Also, if you have historical data from which the detector can learn patterns, you can provide it during this configuration. The data here is expected to be in the same format that you use to perform a backtest. Providing historical data speeds up the ML model training process. If this isn’t available, the continuous detector waits for sufficient data to be available before making inferences.

You can specify additional configurations to help Lookout for Metrics understand the format of the data that you are analyzing. Also, you must specify the IAM role that is used by Lookout for Metrics to access the data source.

At this point, Lookout for Metrics accesses the data source and validates whether it can parse the data. If the parsing is successful, it gives you a “Validation successful” message and takes you to the next screen, where you configure measures, dimensions, and timestamps.

Measures, dimensions and timestamps

Measures define KPIs that you want to track anomalies for. You can add up to five measures per detector. The fields that are used to create KPIs from your source data must be of numeric format. The KPIs can be currently defined by aggregating records within the time interval by doing a SUM or AVERAGE.

In our use case, we add one measure, which does the SUM of the objects seen in the 5-minute interval.

Dimensions give you the ability to slice and dice your data by defining categories or segments. This allows you to track anomalies for a subset of the whole set of data for which a particular measure is applicable.

In our use case, we have only one camera feeding data to the solution. Imagine if we had all the cameras from the city connected. Then we could use the camera ID or other metadata such as locality name as dimensions.

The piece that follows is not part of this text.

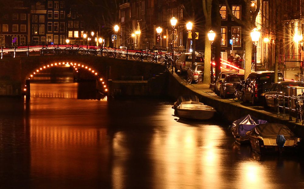 Verlichte grachten met bruggetjes en met mooie oude grachtenpanden in de hoofdstad Amsterdam in Nederland.

Every record in the dataset must have a timestamp. The following configuration allows you to choose the field that represents the timestamp value and also the format of the timestamp.

The next screen allows you to review all the details you have added and then save and activate the detector.

The detector then begins learning the data streaming into the data source. At this stage, the status of the detector changes to Initializing.

It’s important to note the minimum amount of data that is required before which Lookout for Metrics can start detecting anomalies. For more information about requirements and limits, see Lookout for Metrics quotas.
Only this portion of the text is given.